George Takei (Actor)
Born: April 20, 1937
Birthplace: Los Angeles, California, United States
Trivia: Asian-American actor George Takei studied architecture at the University of California and theatre arts at UCLA. Takei's first film appearance was in the 1960 Warner Bros. feature Ice Palace He appeared with regularity on series television in the early 1960s; his most controversial TV role was the son of a World War II traitor in the 1964 Twilight Zone episode "The Encounter," which was withdrawn from the series' syndicated package due to charges of misrepresentation from several Japanese-American groups. In 1966, Takei began what was to become a lifelong assignment when he was cast as chief navigator Hikaru Sulu on the evergreen science-fiction series Star Trek. He has extended this characterization into seven Star Trek feature films, as well as a Saturday morning cartoon series. Erudite and socially correct at all times, Takei nonetheless enjoyed a reputation as Star Trek's most aggressive on-set practical joker. The show's three-year run ended, and although Takai appeared in a smattering of pictures including The Green Berets and Which Way to the Front?, he didn't find steady work on screen until the Star Trek film franchise got under way in 1979. The ongoing love for the series, and Takai's own ability to stay in the public eye thanks in part to his ongoing association with Howard Stern's radio show, helped him find steady work throughout the nineties, eventually finding a very lucrative career using his quite recognizable, resonant voice in a variety of animated endeavors.
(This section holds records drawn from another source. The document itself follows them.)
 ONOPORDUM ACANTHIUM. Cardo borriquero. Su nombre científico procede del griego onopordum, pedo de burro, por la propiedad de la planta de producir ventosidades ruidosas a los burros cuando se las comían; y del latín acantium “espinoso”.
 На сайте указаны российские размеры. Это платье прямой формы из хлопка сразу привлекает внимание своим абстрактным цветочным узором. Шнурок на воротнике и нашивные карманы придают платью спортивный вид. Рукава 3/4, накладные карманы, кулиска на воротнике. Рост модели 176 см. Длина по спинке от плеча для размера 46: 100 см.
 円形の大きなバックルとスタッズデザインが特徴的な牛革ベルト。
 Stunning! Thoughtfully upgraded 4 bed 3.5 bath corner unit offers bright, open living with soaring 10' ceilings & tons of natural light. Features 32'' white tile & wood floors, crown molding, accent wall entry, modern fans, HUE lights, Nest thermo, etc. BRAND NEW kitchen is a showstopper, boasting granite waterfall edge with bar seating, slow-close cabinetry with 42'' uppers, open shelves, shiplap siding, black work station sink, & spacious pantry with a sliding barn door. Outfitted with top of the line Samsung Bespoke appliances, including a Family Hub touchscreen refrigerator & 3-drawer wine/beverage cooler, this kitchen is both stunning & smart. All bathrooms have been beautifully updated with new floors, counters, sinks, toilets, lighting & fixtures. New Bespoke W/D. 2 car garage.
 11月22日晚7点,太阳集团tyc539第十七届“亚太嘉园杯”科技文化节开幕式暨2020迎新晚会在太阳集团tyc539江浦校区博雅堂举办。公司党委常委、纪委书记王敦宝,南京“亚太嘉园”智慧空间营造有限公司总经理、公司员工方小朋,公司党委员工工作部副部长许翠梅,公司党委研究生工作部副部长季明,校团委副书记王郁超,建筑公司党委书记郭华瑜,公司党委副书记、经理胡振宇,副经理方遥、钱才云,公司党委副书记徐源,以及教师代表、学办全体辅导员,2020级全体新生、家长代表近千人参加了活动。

He announced in a 2005 interview that he's been in a long-term relationship with another man for nearly 20 years, and this news did nothing to halt his career or the public's goodwill toward him. Among his most high-profile acting gigs apart from Star Trek have been the television show Heroes, okaying Le Duc Tho in Kissinger and Nixon, and playing a quirky economics teacher in the Tom Hanks directed Larry Crowne.